_TASK PROMPT:_ Exactly the lines below starting at the line with "开中火,把羊肉串平放下去煎烤,中途翻面,煎至两边有点焦黄(大约煎个7分钟);" and ending at the line with "总体中重型卡车在西北、中部长" are wanted, with both ends included. Leave out the pictures and add no other lines.

[Records drawn from a dataset]
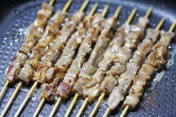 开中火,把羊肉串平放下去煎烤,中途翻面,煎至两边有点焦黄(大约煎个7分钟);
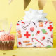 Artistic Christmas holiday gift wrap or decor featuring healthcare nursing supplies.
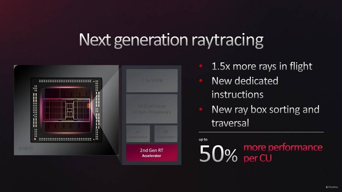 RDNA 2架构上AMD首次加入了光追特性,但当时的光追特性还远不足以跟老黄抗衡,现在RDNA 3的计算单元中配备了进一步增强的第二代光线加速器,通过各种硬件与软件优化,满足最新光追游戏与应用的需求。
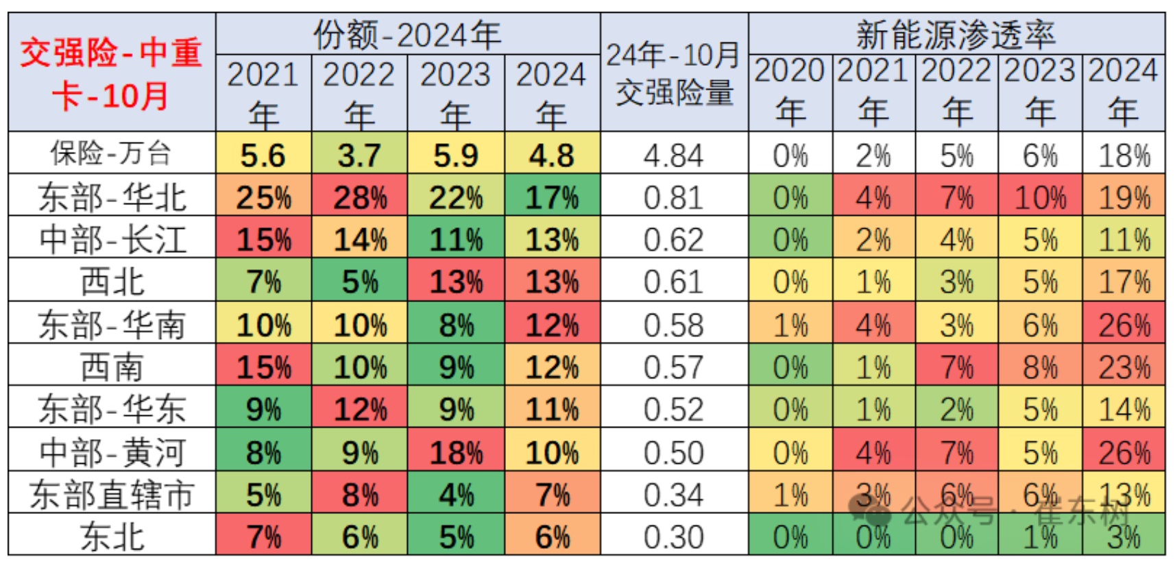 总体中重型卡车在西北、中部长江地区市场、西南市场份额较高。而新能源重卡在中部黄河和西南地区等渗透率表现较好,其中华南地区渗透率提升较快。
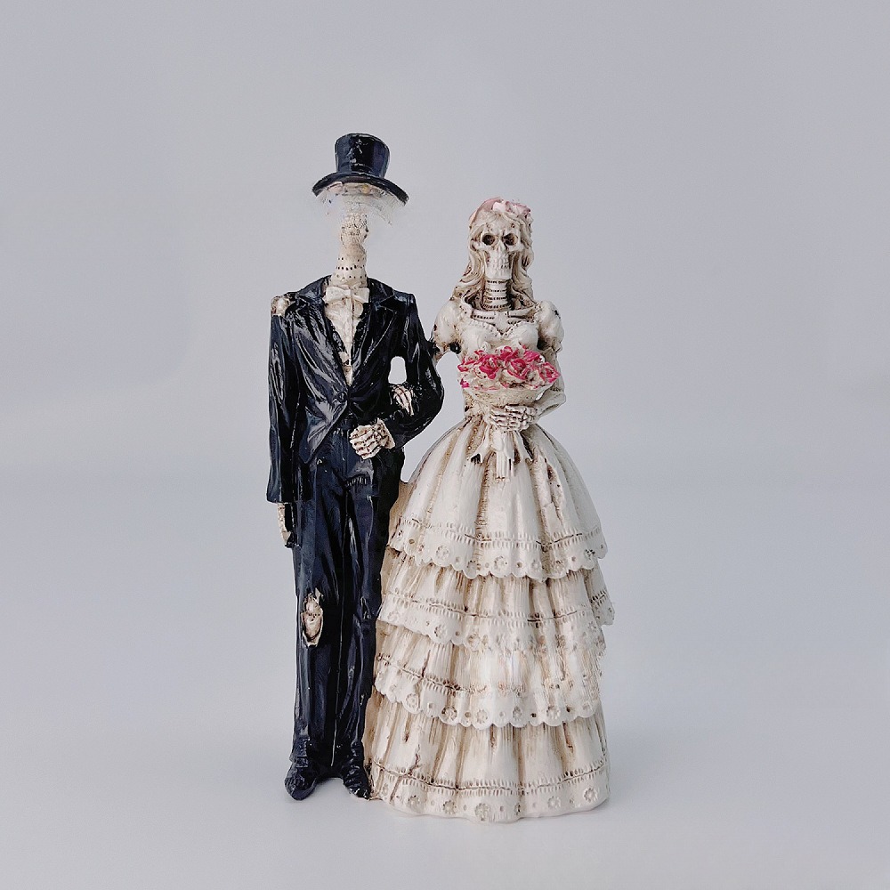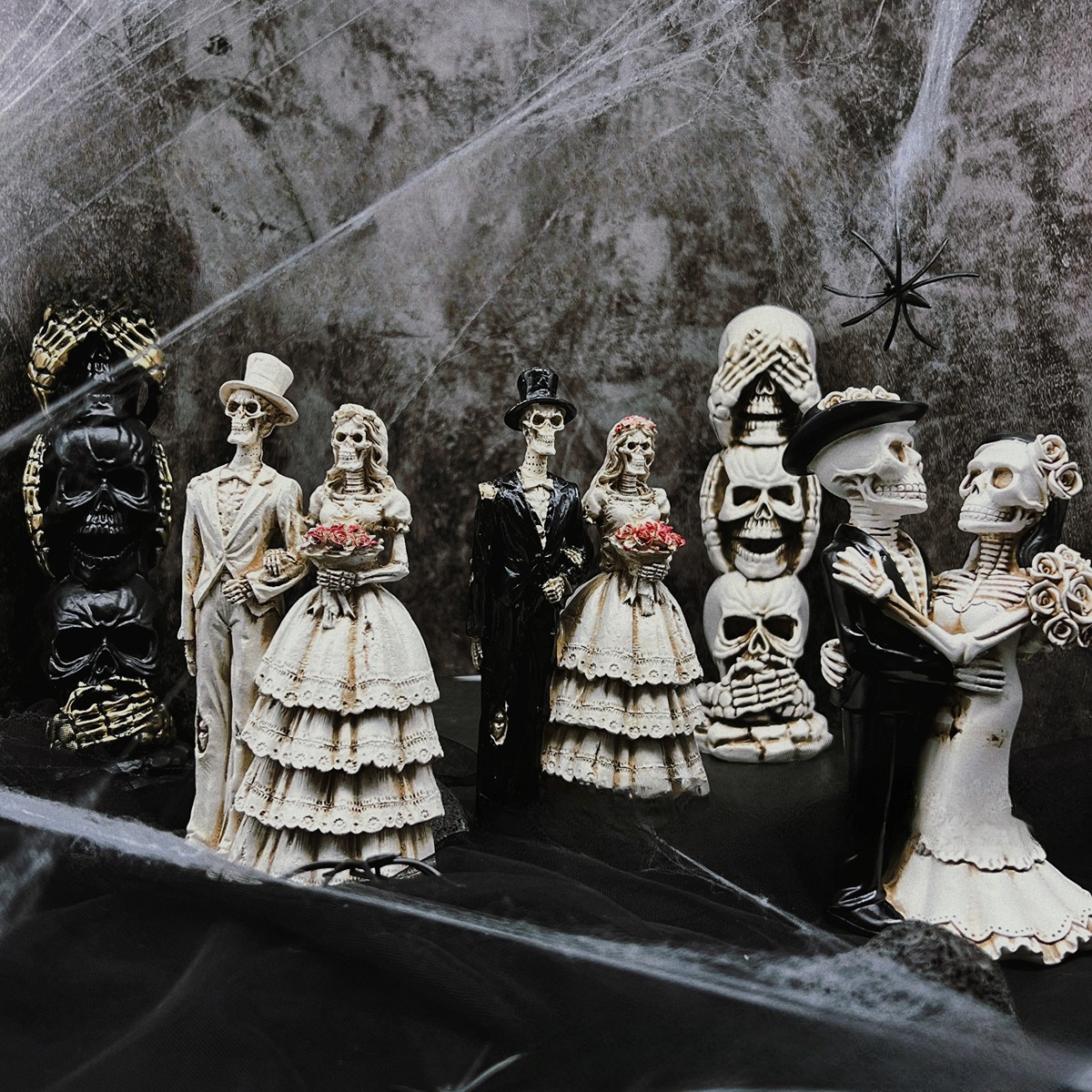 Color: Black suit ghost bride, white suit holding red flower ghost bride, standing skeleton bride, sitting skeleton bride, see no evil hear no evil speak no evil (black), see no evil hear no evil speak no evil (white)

* * *

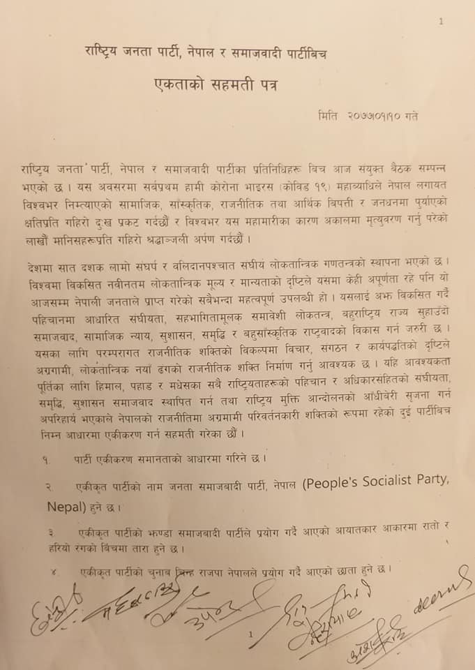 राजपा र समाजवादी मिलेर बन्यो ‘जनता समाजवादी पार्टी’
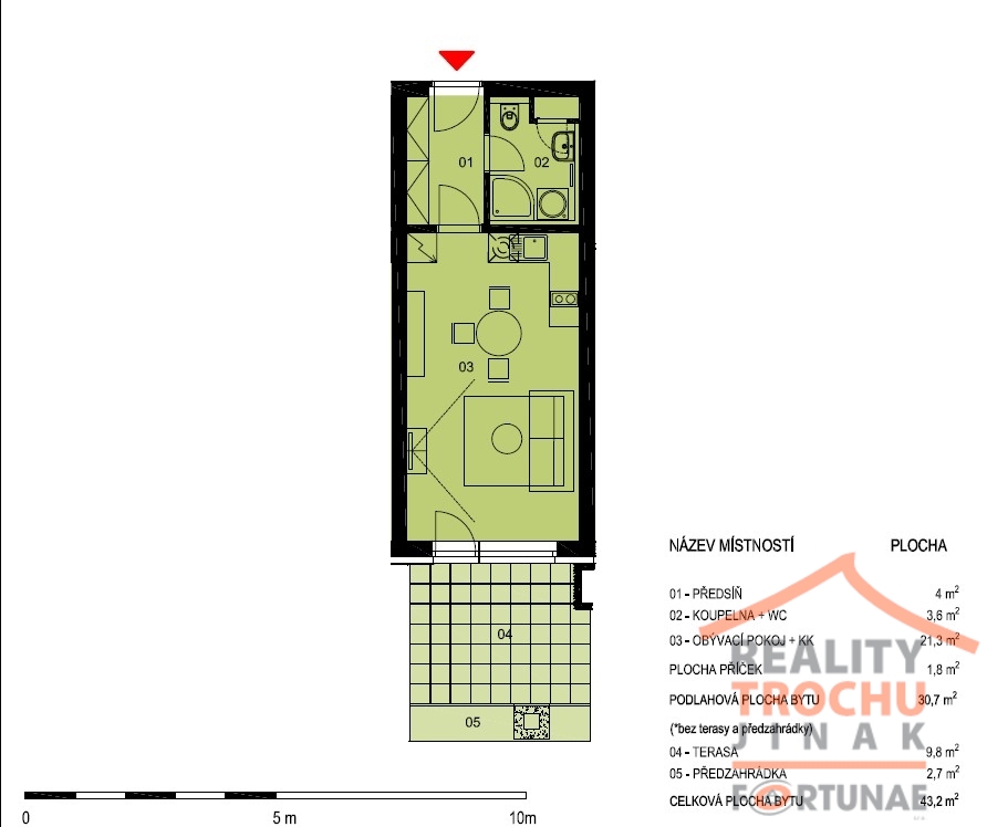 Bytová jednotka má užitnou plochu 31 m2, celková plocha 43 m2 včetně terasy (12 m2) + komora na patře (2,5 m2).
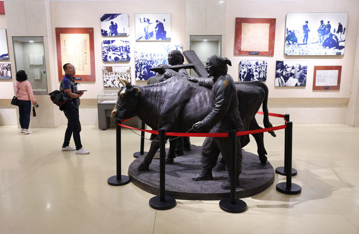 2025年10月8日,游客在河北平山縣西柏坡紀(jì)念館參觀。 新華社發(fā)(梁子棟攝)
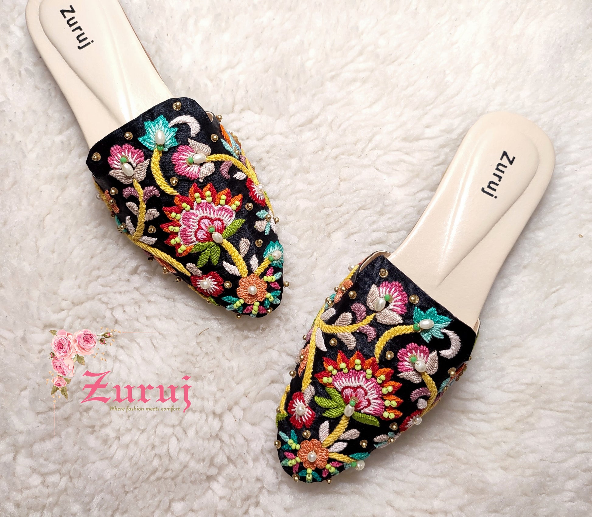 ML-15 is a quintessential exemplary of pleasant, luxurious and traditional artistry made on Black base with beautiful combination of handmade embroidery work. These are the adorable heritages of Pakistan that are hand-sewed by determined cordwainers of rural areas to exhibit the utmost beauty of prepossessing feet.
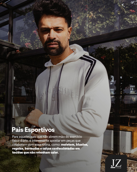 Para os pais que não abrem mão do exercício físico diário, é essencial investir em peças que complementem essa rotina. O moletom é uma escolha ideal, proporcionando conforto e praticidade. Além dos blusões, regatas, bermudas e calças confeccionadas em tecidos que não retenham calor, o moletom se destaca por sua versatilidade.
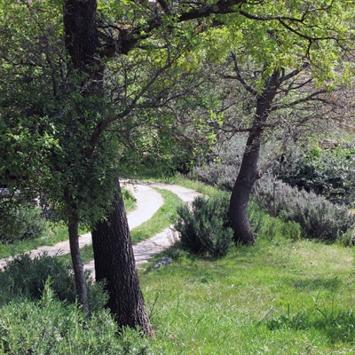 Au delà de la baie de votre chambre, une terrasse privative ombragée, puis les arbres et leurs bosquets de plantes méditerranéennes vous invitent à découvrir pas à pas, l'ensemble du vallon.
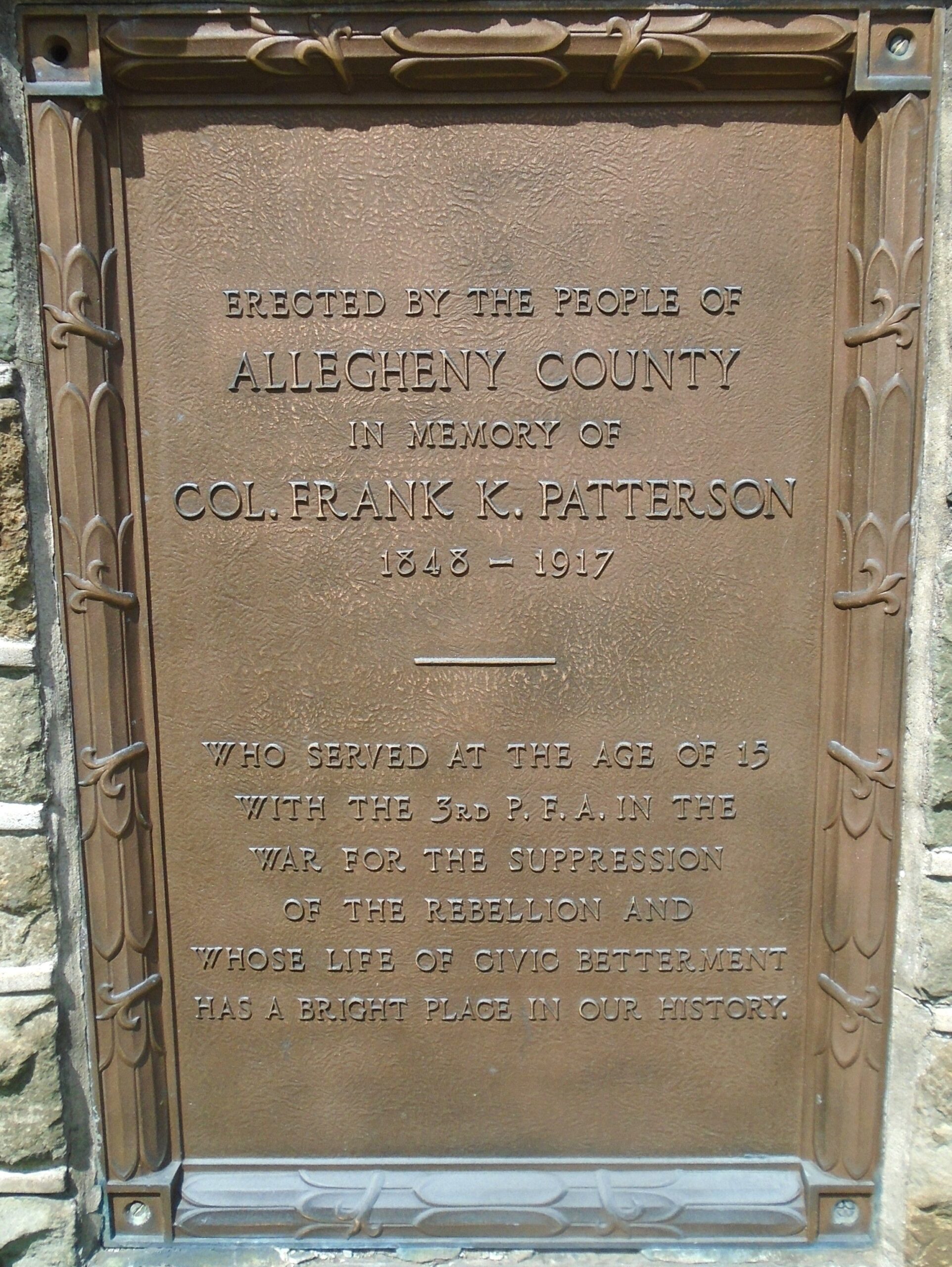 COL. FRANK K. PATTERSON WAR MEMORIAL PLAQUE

_COMPLETED TASK:_
 开中火,把羊肉串平放下去煎烤,中途翻面,煎至两边有点焦黄(大约煎个7分钟);
 Artistic Christmas holiday gift wrap or decor featuring healthcare nursing supplies.
 RDNA 2架构上AMD首次加入了光追特性,但当时的光追特性还远不足以跟老黄抗衡,现在RDNA 3的计算单元中配备了进一步增强的第二代光线加速器,通过各种硬件与软件优化,满足最新光追游戏与应用的需求。
 总体中重型卡车在西北、中部长江地区市场、西南市场份额较高。而新能源重卡在中部黄河和西南地区等渗透率表现较好,其中华南地区渗透率提升较快。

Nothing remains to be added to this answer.